Direct Observation of Valley Hybridization and Universal Symmetry of Graphene with Mesoscopic Conductance Fluctuations

In graphene, the valleys represent spinlike quantities and can act as a physical resource in valley-based electronics to produce novel quantum computation schemes. Here we demonstrate a direct route to tune and read the valley quantum states of disordered graphene by measuring the mesoscopic conductance fluctuations. We show that the conductance fluctuations in graphene at low temperatures are reduced by a factor of 4 when valley triplet states are gapped in the presence of short-range potential scatterers at high carrier densities. We also show that this implies a gate tunable universal symmetry class that outlines a fundamental feature arising from graphene’s unique crystal structure.

Figure 1

(a) Resistance ($R$) vs gate voltage ($V_{\mathrm{BG}}$) characteristics for a single-layer device (dev.

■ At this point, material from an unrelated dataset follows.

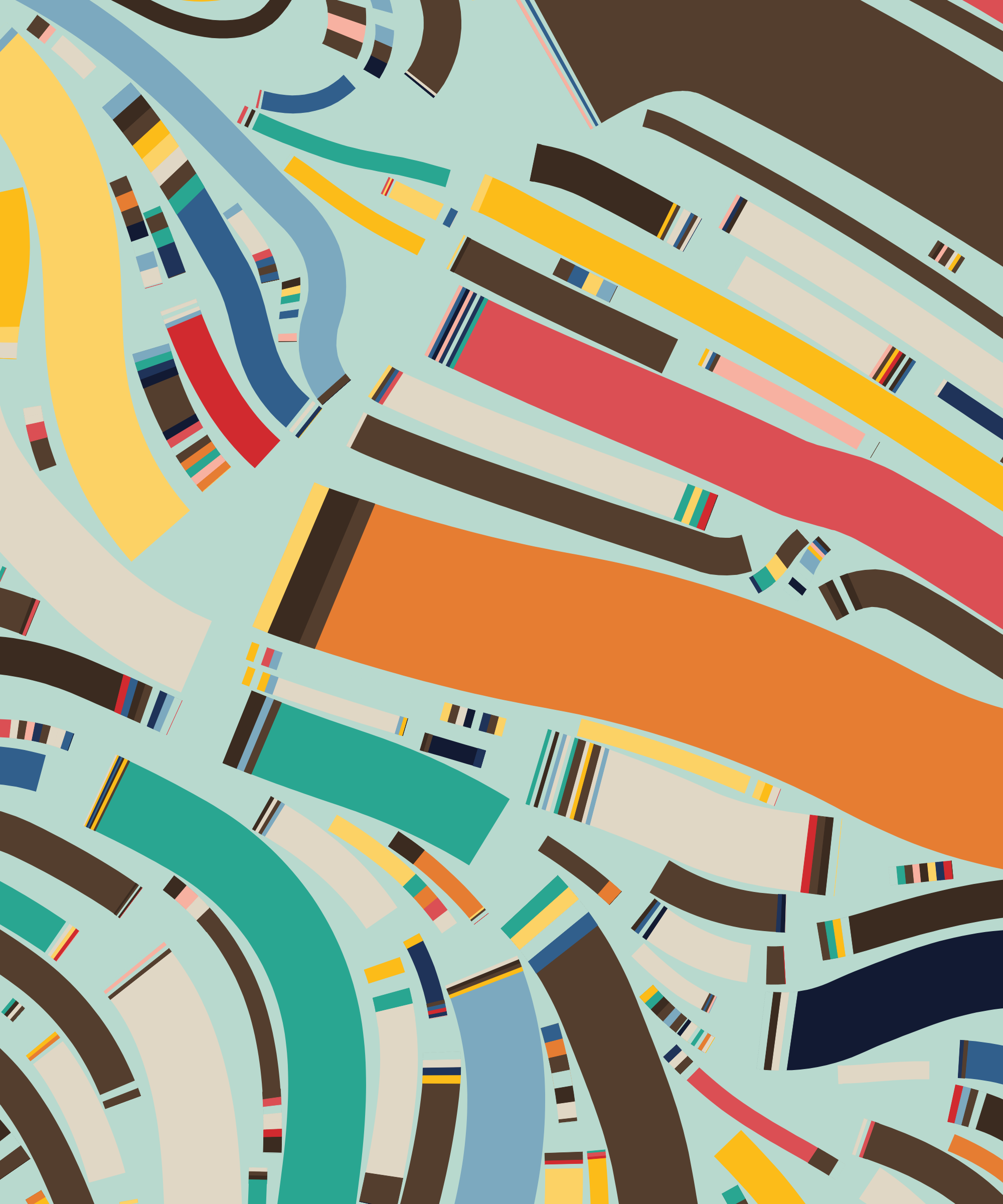 Fidenza is by far my most versatile algorithm to date. Although the program stays focused on structured curves and blocks, the varieties of scale, organization, texture, and color usage it can employ create a wide array of generative possibilities.

I) at $T=10\mathrm{mK}$. Inset shows the schematic along with the false color scanning electron microscope image of a typical graphene transistor. (b) Evolution of magnetoconductance with increasing electron density measured at $T=4.5\mathrm{K}$. Solid lines are fit to the weak localization theory [24, 25]. (c) Conductance fluctuations as a function of gate voltage for dev. I, shown for various temperatures. Curves at different temperatures are shifted for clarity. (d) Variance in conductance, calculated from the conductance fluctuations in gate voltage range $-50$ to $-46\mathrm{V}$ for dev. I, plotted as a function of temperature.

Figure 2

Magnetic field dependence of the magnitude of conductance fluctuations for dev. III at $T=10\mathrm{mK}$ at various gate voltages: (a) 42.5 V, (b) 12.5 V, and (c) $-34\mathrm{V}$. For comparison, we have plotted the ratio $N(B)/N(B=0)$, with $N(B)=⟨\delta G^2⟩/⟨G{⟩}^2$ at the magnetic field $B$. Inset shows the $R\mathrm{\text{−}}{V}_{\mathrm{BG}}$ characteristics of dev. III at $T=10\mathrm{mK}$ with arrows indicating the three measured regions.

Figure 3

(a) Variance in conductance ($⟨\delta G^2⟩$) vs gate voltage ($V_{\mathrm{BG}}$) at 10 mK for dev. I. (b) Gate voltage dependence of $L_{\varphi }$ and $L_i$ at $T=10\mathrm{mK}$, extracted from the weak localization fits, are shown for dev. I. (c) The variance in conductance in a phase-coherent box of area $L_{\varphi }^2$, $⟨\delta G_{\varphi }^2⟩$, extracted from (a) and (b), is plotted with gate voltage for dev. I. The factor of 4 is indicated by the dashed lines. (d) Conductance ($G$) vs gate voltage ($V_{\mathrm{BG}}$) for the device at $T=10\mathrm{mK}$. The solid line indicates the linear region in both electron and hole sides. The vertical dotted lines in (c) and (d) indicate the densities where the short-range scattering dominate. The shaded region indicates the inhomogeneous region near the Dirac point.

Figure 4

[(a) and (b)] Conductance ($G$) vs gate voltage ($V_{\mathrm{BG}}$) at 10 mK for dev. II and dev. III, respectively. The solid line indicates the linear region in both electron and hole sides. [(c) and (d)] The variance from conductance fluctuations in a phase-coherent box of area $L_{\varphi }^2$ is plotted with gate voltage for devs. II and III; see details in Table . The factor of 4 is indicated by the dashed lines. The vertical dotted lines indicate the densities beyond which the short-range scattering dominates. (e) Schematic describing the crossover from orthogonal to symplectic universality class depending on the presence of short-range scattering, which breaks the effective valley-isospin rotational symmetry. The red and purple arrows in the center represent valley isospin states that hybridized into singlet and triplets in different regimes of intervalley scattering. $⟨\delta G_0^2⟩$ is the variance in conductance in a single phase-coherent box for an ordinary disordered metal.

Figure 5

[(a–d)] Gate voltage dependence of the ratio $⟨\delta G_{\varphi }^2⟩/⟨\delta G_0^2⟩$ for dev. III, plotted for various temperatures at $B=100\mathrm{mT}$, where $⟨\delta G_0^2⟩$ is the variance in the conductance for a single phase-coherent box at $V_{\mathrm{BG}}=-68\mathrm{V}$.